Top-Scary-Good-Security-Tips-For-A-Happy-Halloween-2022 | By The Digital Insider

By Shira Landau, Editor-in-Chief, CyberTalk.org


EXECUTIVE SUMMARY:


Halloween is a widely celebrated holiday in the U.S. Seventy-three percent of Americans intend to celebrate Halloween this year, and U.S. consumers are expected to spend roughly $4.1 billion on dress-up costumes alone.


While the holiday has dark historic origins, it has largely evolved into a festive celebration that focuses on the thrills and chills from spooky costumes, haunted houses, scary movies, ghoulish tales and things that go ‘bump’ in the night. Fear is front-and-center, but the slow-burn supernatural stimuli can be devilishly fun, enjoyable and spook-takular.


Here at CyberTalk, we enjoy a good Halloween hoot as much as the next person, but we would also like to help you steer clear of spine-chilling online Halloween trickery. Your Halloween doesn’t need to include nightmarish cyber security scenarios.


This Halloween, stay safe with these pro tips.


1. Phishing. Halloween brings out the trick-or-treaters, along with the cyber criminals. The latter leverage Halloween to launch new cyber attacks designed to deceive everyday internet users into revealing passwords, sharing files, or downloading malware. For hackers, the trick is to get unsuspecting individuals to click, and the treat is business or personal identity theft, intellectual property theft or other online ills.


This Halloween, avoid new terrors, reduce risk and increase resiliency. Apply anti-phishing software across devices, employ artificial intelligence that can auto-detect anomalies, upgrade firewalls, and reappraise incident response protocols.

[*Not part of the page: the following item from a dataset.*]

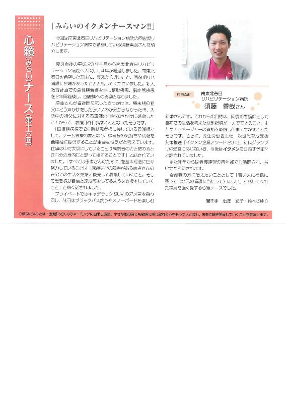 看護ふくしまvol93協会だよりに当院の看護師、須藤善哉さんが掲載されました。
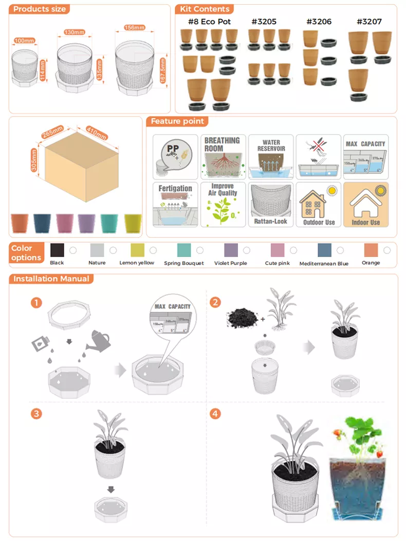 เพื่อตอบสนองความต้องการที่แตกต่างกันของผู้บริโภค เราจึงได้เปิดตัวกระถางดอกไม้นี้ในรูปแบบการขายแบบผสมผสาน รายละเอียดเฉพาะมีดังนี้

2. Spam emails. Hair-raising Halloween-themed spam emails are not uncommon. Hackers sometimes send the same emails year-after-year, and they’re as effective the 5th time around as they are the first. The subject lines may say “Halloween sale,” and advertise pirated goods or bogus deals, or messages may lure eager festival-of-frights revelers with Halloween-themed quizzes, surveys, and links to online videos.


Take control of the inbox. Minimize mischief by investing in anti-spam and email security software.


3. Software updates. Merciless miscreants can worm their way into network systems via unresolved software vulnerabilities. In some cases, cyber criminals then lurk in systems for days, weeks or years, eventually launching savage cyber attacks that often include much-dreaded ransomware.


By installing security patches and other updates on a regular basis, you can prevent cyber criminals from gaining a foothold in systems and accessing data, deliverables or delicate information.


4. Endpoint security. Old traditions die hard, but modernize your endpoint security to strengthen your overall security posture. Evaluate solutions for complex, cloud-based business environments that address unprecedented, sophisticated Gen V attacks. An elegant endpoint security solution can prevent some of the most frightful and haunting witchy-ness on Halloween and year-round.


5. Employee education. Costume contests, bone-chilling breakfasts, and desk decorating competitions are all part of creative office-based Halloween fun, but none are perhaps as critically important as educating around hacker-based hocus pocus. Advancing your organization’s employee awareness programming can help keep your enterprise protected 24/7/365.


Cyber threats can stab an organization in the back and make everyone’s blood boil. But the cat is out of the bag – Your organization can avoid a frightening affair or a beastly blowout by putting the pro-tips listed above into practice. After all, tricksters could tie up your infrastructure like so many strawberry twist Twizzlers, rendering your Halloween more spooky-season-haunting than fun.


Transform your organization’s cyber security routine and have a wonderfully Happy Halloween!